All Zelinski wanted was a safe car for her son Nate. The used Pontiac Grand Am seemed perfect. "It looked good. It ran good when we did the test drive," she says. But three weeks after Nate got the car, there was major trouble.

"I went to make a left hand turn and all of a sudden I heard bang. An extremely loud bang," Nate Zelinski says. "There was oil and pieces of engine block all over the place. It was actually chunks of the engine all over the place."

It turns out that his Grand Am had a soggy past. When Nate Zelinski checked out the car's history online, he found it had been in a flood a year earlier.

"I almost fell of the chair," he says. "I was like, 'Wow, my car was underwater at one point. It's not supposed to be that way.' "

In the last month, more than half a million cars were flooded by Katrina alone — cars that soon may be flooding the used car market after being dried out and cleaned up by scam artists.

"They'll spray new-car smell in it," Larry Gamache of Carfax says. "They'll replace the leather. They'll do things to make you think that it's a really cherry car, but it's a waterlogged wreck festering with bacteria."

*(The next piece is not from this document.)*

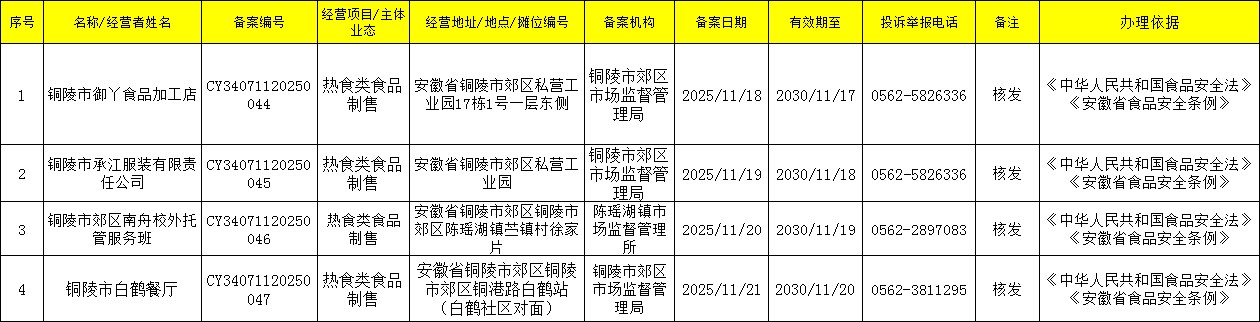 2025年11月第三周小餐饮备案发放情况

Carfax is an online service that tracks the histories of used cars.

"One of the most problematic things about flood-damaged cars is that the airbags and anti-lock braking systems will fail eventually," Gamache says.

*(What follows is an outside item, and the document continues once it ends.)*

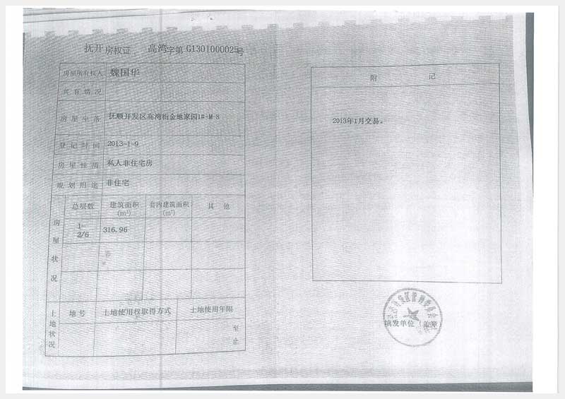 名稱:撫順開發(fā)區(qū)高灣街金地家園1#-M-8房產(chǎn) 面積:316.96㎡ 瀏覽次數(shù):1101

But when you first do that test-drive, he says the car will look great to the driver. He says that cars flooded by Katrina are especially hazardous.
"No consumer should be buying these cars, they're festering with ecoli, hepatitis, cholera," he says. "These cars may eventually make you sick and threaten your life. If that airbag doesn't deploy when you need it, you are in series trouble."

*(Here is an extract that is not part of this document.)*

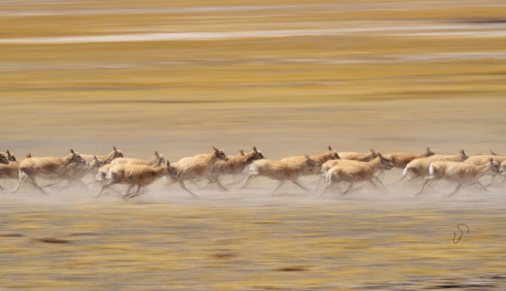 2024年6月13日,遷徙中的藏羚羊在西藏羌塘國家級(jí)自然保護(hù)區(qū)奔跑。

So how do crooks get away with this scam? By not just washing the cars but their titles, too, of any evidence they were in a flood.

Gamache showed McGinnis an online Carfax report of a 1999 Volkswagen Jetta.

"It was originally titled in Texas, where it was issued a flood damage title," Gamache says. "This car was damaged in flood water. It was moved to Illinois and the title was laundered. It doesn't have that flood damage indicator in the state of Illinois."
So a buyer in Illinois may never find out it was in a flood.

"It's unbelievable," Gamache says. "Somebody's driving that car today and they have no idea that car was sitting in flood water."

Diane Zelinski wished she knew her car's history before putting her son in the driver's seat.

"The three and a half weeks that he was driving in this car," she says, "he was driving around in a time bomb."

That's why it's important with any used car to get a report showing its full history. You can get a Carfax report online for less than $25. Also have mechanic check any used car before buying it.

Here are some signs you can spot if the car has been in a flood:

  • Check in the trunk. Pull the carpeting up and look around the spare tire well for signs that water's been there. Look for any rust, mud, dirt or sand.
  • Go inside the car and pull up the floor mats, such as the one from the driver's seat. Feel the floor and carpeting for dampness or moisture.
  • Check under the hood. Look for a ring around the engine compartment — a water line that's marked by rust, mud or silt. It indicates that the engine was submerged in water at some point. If you see that, walk away.